M₃₂ = minor of a₃₂ =\(\begin{vmatrix}1&0\\0&0\end{vmatrix}\)=0

M₃₃ = minor of a₃₃ =\(\begin{vmatrix}1&0\\0&1\end{vmatrix}\)=1

A₁₁ = cofactor of a₁₁\(= (−1)^{1+1} M_{11} = 1\)
A₁₂ = cofactor of a₁₂ \(= (−1)^{1+2} M_{12} = 0\)

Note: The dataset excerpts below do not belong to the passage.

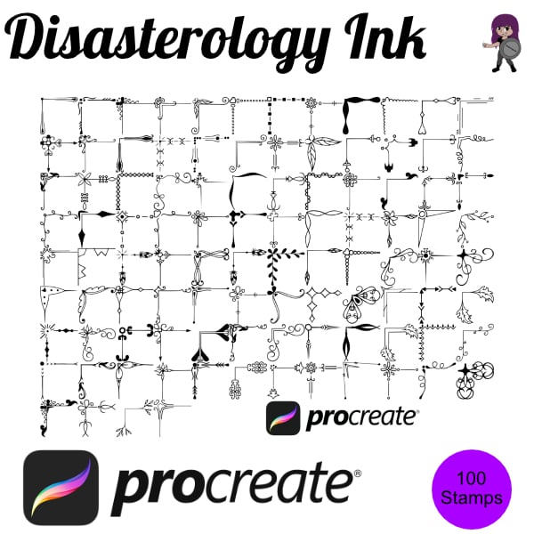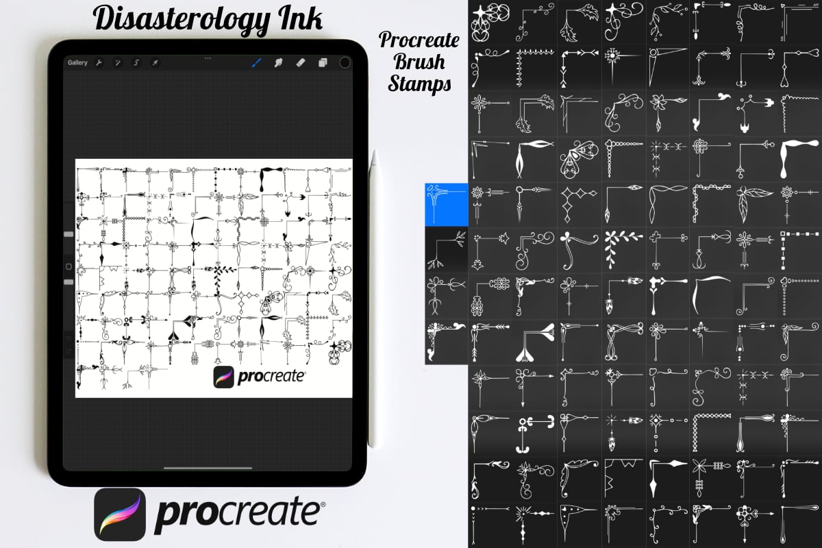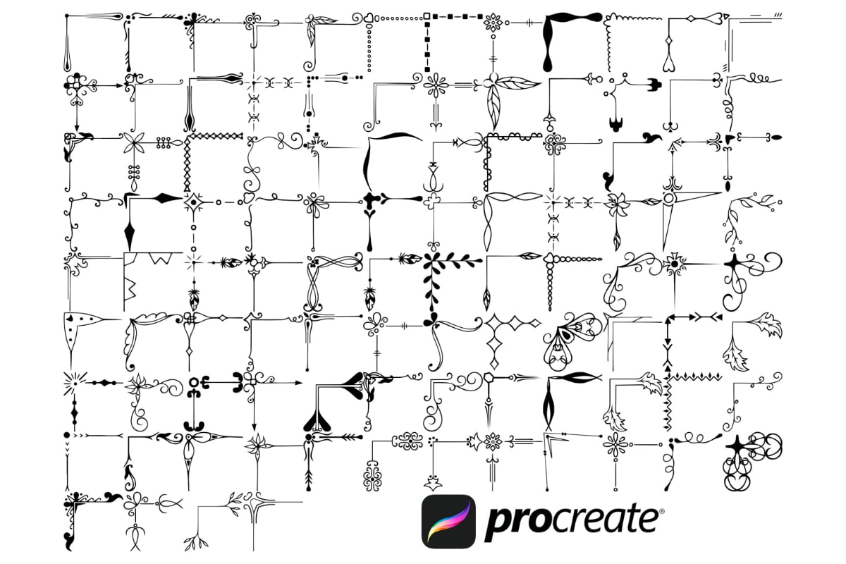 Vintage Ornate Border Corners Set 2 Procreate Brush Stamps, 100 Corners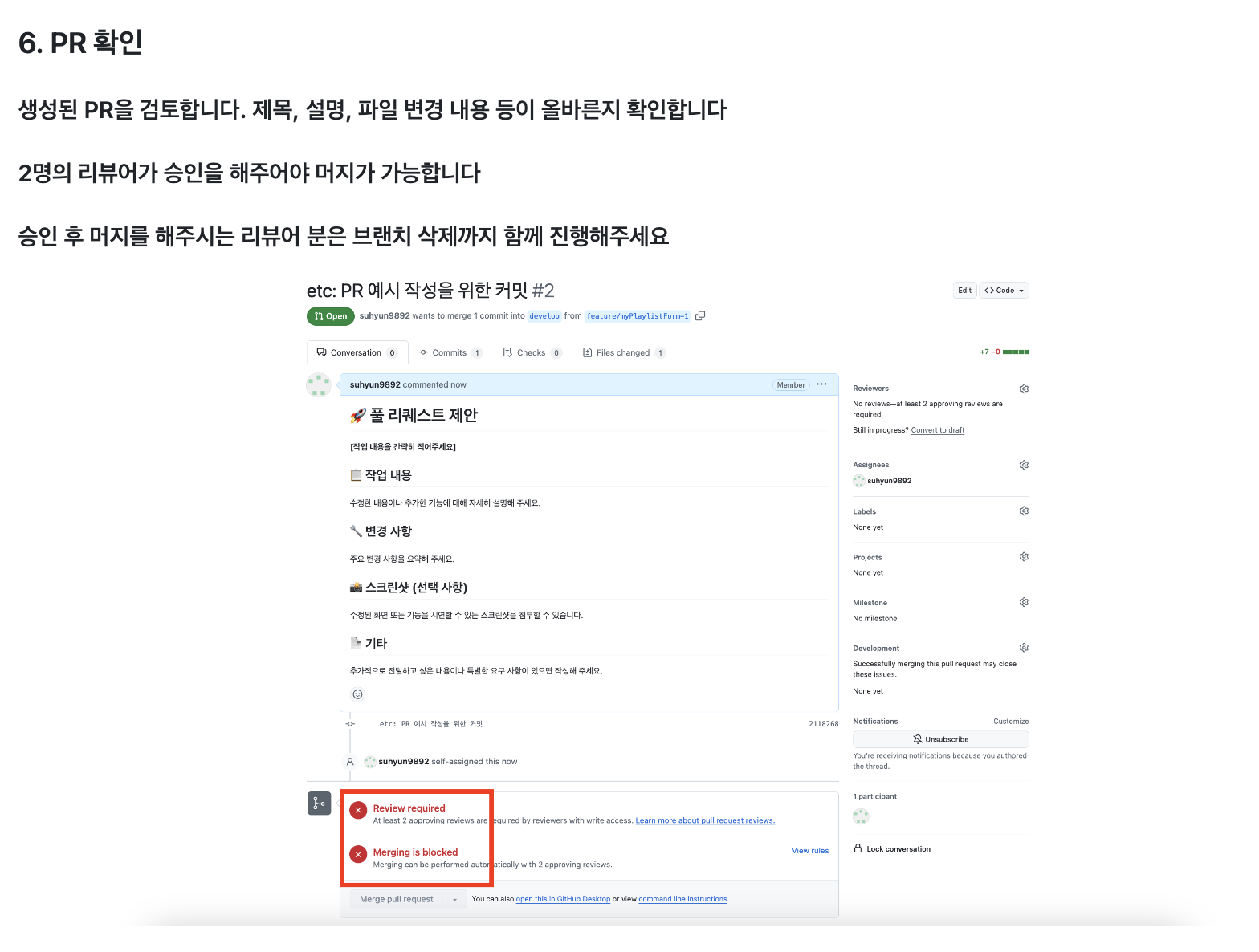 - PR을 올린 자신 이외에 2명의 승인이 있어야 merge할 수 있습니다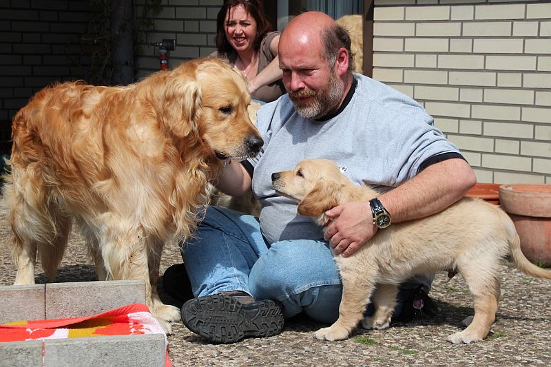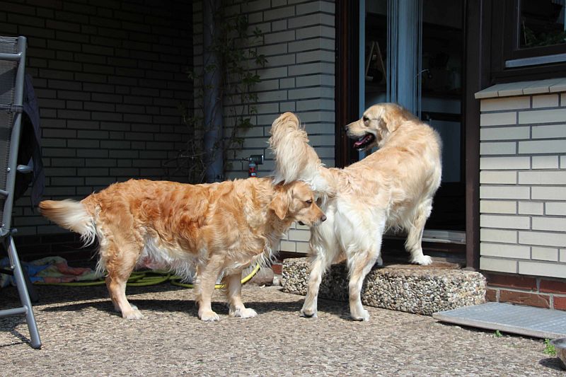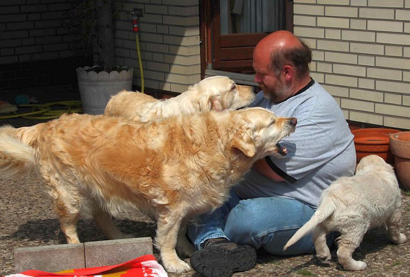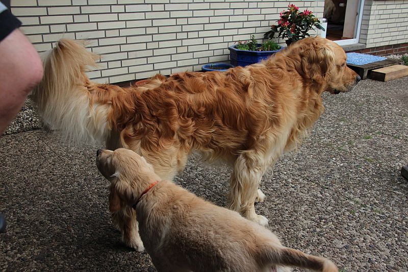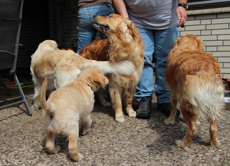 Die zwei Jungs bei den Mädels im Revier und dann auch noch Welpen dabei,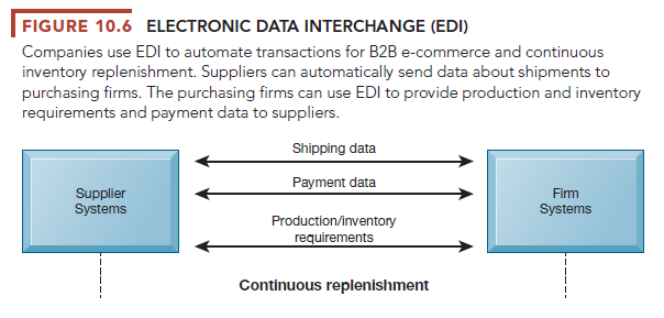 EDI originally automated the exchange of documents such as purchase orders, invoices, and shipping notices. Although many companies still use EDI for document automation, firms engaged in just-in-time inventory replenishment and continuous production use EDI as a system for continuous replenishment. Suppliers have online access to selected parts of the purchasing firm’s production and delivery schedules and automatically ship materials and goods to meet prespecified targets without intervention by firm purchasing agents (see Figure 10.6).

A₁₃ = cofactor of a₁₃ \(= (−1)^{1+3} M_{13} = 0\)
A₂₁ = cofactor of a₂₁ \(= (−1)^{2+1} M_{21} = 0\)
A₂₂ = cofactor of a₂₂ \(= (−1)^{2+2} M_{22} = 1\)
A₂₃ = cofactor of a₂₃ \(= (−1)^{2+3} M_{23} = 0\)
A₃₁ = cofactor of a₃₁ \(= (−1)^{3+1} M_{31} = 0\)
A₃₂ = cofactor of a₃₂ \(= (−1)^{3+2} M_{32} = 0\)
A₃₃ = cofactor of a₃₃ \(= (−1)^{3+3} M_{33} = 1 \)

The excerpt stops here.